YOUR INSTRUCTIONS: Skip the pictures. Output only the lines below starting at the line with "Osmanlıca Ayaspaşa mahallesi" and ending at the line with "14時半ごろの4円パチンコをチェックすると、「CR大海物語4」や「CR聖闘士星矢4 The Battle", both ends included, exactly as they are.

RECORDS FOR THIS TASK:
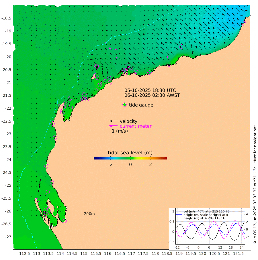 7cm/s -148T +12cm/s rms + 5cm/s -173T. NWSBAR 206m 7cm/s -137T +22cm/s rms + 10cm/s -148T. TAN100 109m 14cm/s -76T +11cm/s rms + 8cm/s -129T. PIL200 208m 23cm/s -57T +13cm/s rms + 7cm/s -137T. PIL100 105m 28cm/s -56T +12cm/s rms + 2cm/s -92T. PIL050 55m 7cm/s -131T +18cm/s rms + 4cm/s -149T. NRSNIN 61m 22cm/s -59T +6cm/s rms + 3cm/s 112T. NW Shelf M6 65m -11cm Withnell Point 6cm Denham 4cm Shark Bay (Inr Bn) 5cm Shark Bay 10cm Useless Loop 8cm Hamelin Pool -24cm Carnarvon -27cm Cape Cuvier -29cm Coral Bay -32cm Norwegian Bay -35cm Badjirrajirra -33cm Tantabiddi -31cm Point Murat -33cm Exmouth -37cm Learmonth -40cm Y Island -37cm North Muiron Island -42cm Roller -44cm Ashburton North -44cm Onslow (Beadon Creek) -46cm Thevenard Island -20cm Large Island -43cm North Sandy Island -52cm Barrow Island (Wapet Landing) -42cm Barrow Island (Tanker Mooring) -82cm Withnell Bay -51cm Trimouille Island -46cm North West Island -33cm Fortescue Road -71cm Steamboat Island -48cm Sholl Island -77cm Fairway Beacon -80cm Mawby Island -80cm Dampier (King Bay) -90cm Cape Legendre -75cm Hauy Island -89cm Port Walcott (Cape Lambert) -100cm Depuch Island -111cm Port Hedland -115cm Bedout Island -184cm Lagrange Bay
--
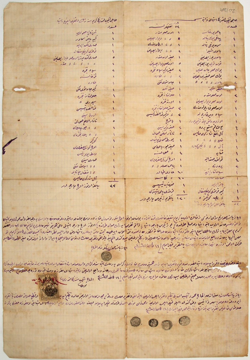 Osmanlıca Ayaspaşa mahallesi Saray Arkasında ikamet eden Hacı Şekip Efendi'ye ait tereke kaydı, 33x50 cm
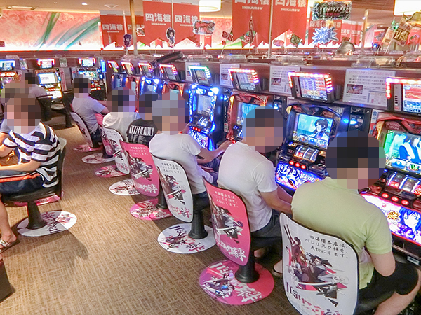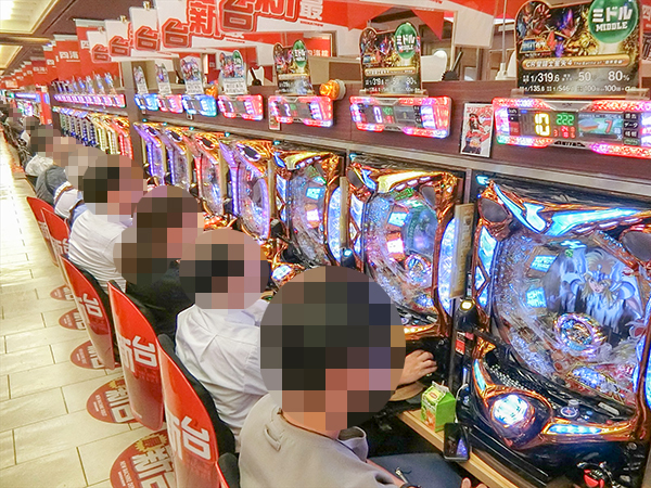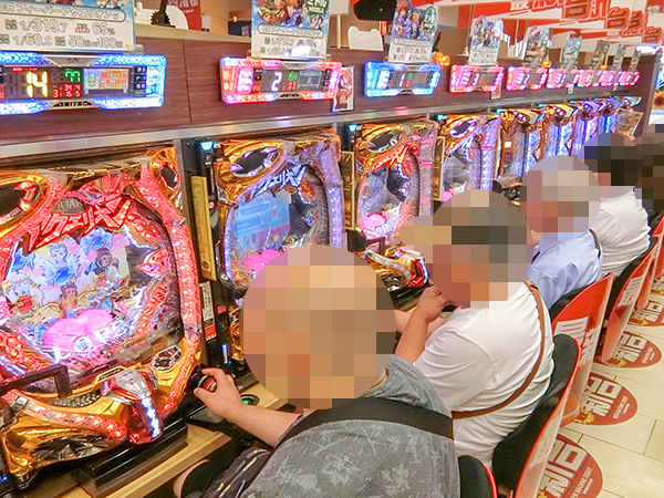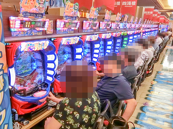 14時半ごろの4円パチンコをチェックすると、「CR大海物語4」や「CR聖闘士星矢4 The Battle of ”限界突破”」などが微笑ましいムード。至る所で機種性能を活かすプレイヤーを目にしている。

RESPONSE TO THIS EXERCISE:
 Osmanlıca Ayaspaşa mahallesi Saray Arkasında ikamet eden Hacı Şekip Efendi'ye ait tereke kaydı, 33x50 cm
 14時半ごろの4円パチンコをチェックすると、「CR大海物語4」や「CR聖闘士星矢4 The Battle of ”限界突破”」などが微笑ましいムード。至る所で機種性能を活かすプレイヤーを目にしている。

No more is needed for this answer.